I’ve been into Leeds city centre this morning, a wingman for my wife during her assignment to retrieve her newly altered camel coat. Admittedly not a scenario I envisage that’ll ever be incorporated into the screenplay of a Mission Impossible movie production. However, I’ll endeavour to make this yarn as interesting as a tale about re-tailored camel coats can be.
I don’t know a great deal about the clothing business, other than not to venture out and about in the ‘new clothes’ adorned by the emperor in the Hans Christian Anderson tale of that name. Particularly on a cold winters day when you risk becoming an empress.
I’m particularly cautious when it comes to the outdoor clothing I don. A consequence of a topless stroll along the promenade during a vacation in Salou, Spain in 1998, when my excessive back hair was mistaken by animal rights activists as me wearing furs. This leading to a frank discussion with an activist called Ernest……… Or was that an earnest discussion with an activist called Frank?!…… My memory grows ever worse as middle-age encompasses me.
Anyhow, during a heated exchange the activists, thinking I was adorning animal fur, attempted to remove my own natural pelt. I don’t know which was worse, the pain of a back wax without wax, or being inadvertently turned inside out for the first time in my life.
My assailants were thankfully eventually brought to justice when DNA from the fur balls they coughed up placed them at the scene. I eventually put this trauma to the back of my mind, but to this day whenever I hear Diana Ross sing ‘Upside Down, Inside Out’ I develop a rash!
Anyhow, during this morning’s bus journey into town I inquired what alteration Karen had requested on her expensive dromedary pelted windbreaker.
“What the heck is a dromedary pelted windbreaker?” questioned my confused looking betrothed.
“It’s a camel coat!” I informed my spouse with an unnecessarily patronising tone.
“Why the hell did you not just say camel coat, instead of those confounding locutions of pretension?!” Karen spouted disapprovingly at my off hand response.
“What the hell does confounding locutions of pretension mean?!” I inquired, highlighting my missus’ equally over grandiose grammar.
“It means the gratuitous use of over-confusing words when there’s simpler, less baffling, options available.” Mrs S sought to clarify.

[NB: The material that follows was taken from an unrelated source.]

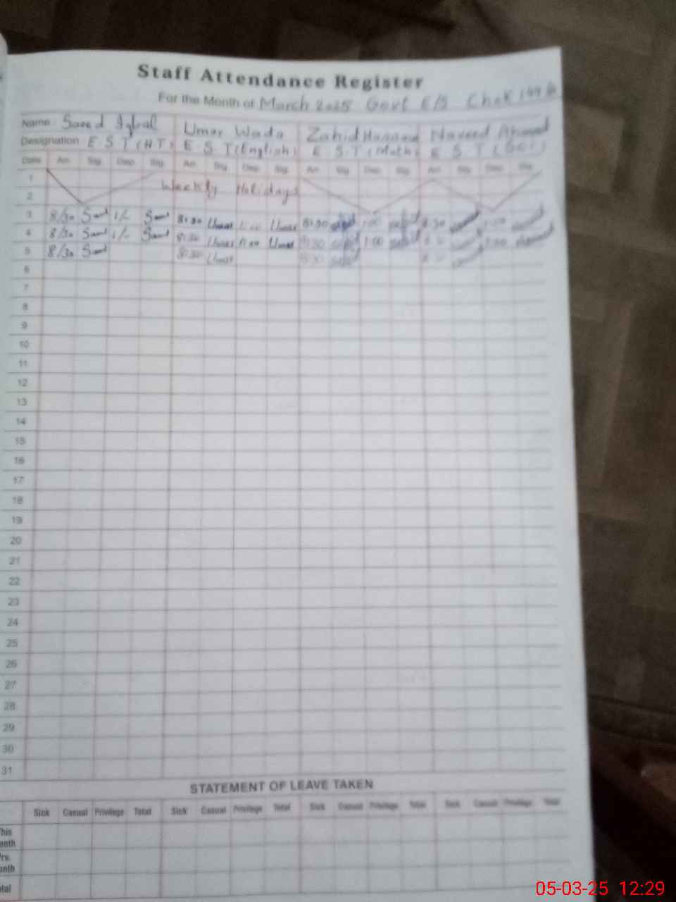 | 31**** | Mu**** Ra**** Ma**** | 1 | 1 | 0 | 0 | 0 | 0 | 0 | 0 | 0 | 0 | 0 | Exam Duty |

“I didn’t realise you were such a wordsmith, Karen.” I derided sarcastically
“I’m a woman of hidden depths……… A veritable lexilogical goddess cut from the same erudite cloth as that Welsh woman in Hi-De-Hi….. The one who used to talk over the tannoy.” my beloved proudly, but confusingly, informed me
“Gladys Pugh?!” I queried in confirmation.
“Was she not called Peggy?” Karen countered.
“No, Peggy was the gormless chalet maid with gigs who’d aspirations of becoming a Maplin’s yellowcoat……. The one played by Su Pollard.” I affirmed.
“Well I’m definitely not as thick as her!” my trouble and strife opined forcefully.
“To be honest, Karen, I don’t recall Gladys Pugh being the sharpest tool in the box either….. Certainly not as a comparison to make if you’re attempting to convey your erudition.” yours truly opined.
“Ok then, clever clogs….. Who is a suitable woman to compare myself to if I wanted to paint myself as an articulate lady with an impressive vocabulary?!” Karen blustered.
“Oh, I don’t know! There’s loads of intelligent women around” I responded irritably. Prior to adding “But if memory serves me correct Gladys Pugh wasn’t one of them!”
“What about Justin Timberland?” the missus queried.
“Well, as he’s a man and really called Justin Timberlake, I’d definitely avoid utilising that comparison if you want to sell yourself as a women of intellect!!” I thoughtfully advised my wife.
“Gladys Pugh it is then!” Karen decided. Prior to exclaiming loudly to bemused bus passengers “Morning campers!….. Hi-de-Hi!!“
After a short silence from the assembled passengers I succumbed to Karen’s glare,, consequently muttering a begrudged “Ho-de-Ho!”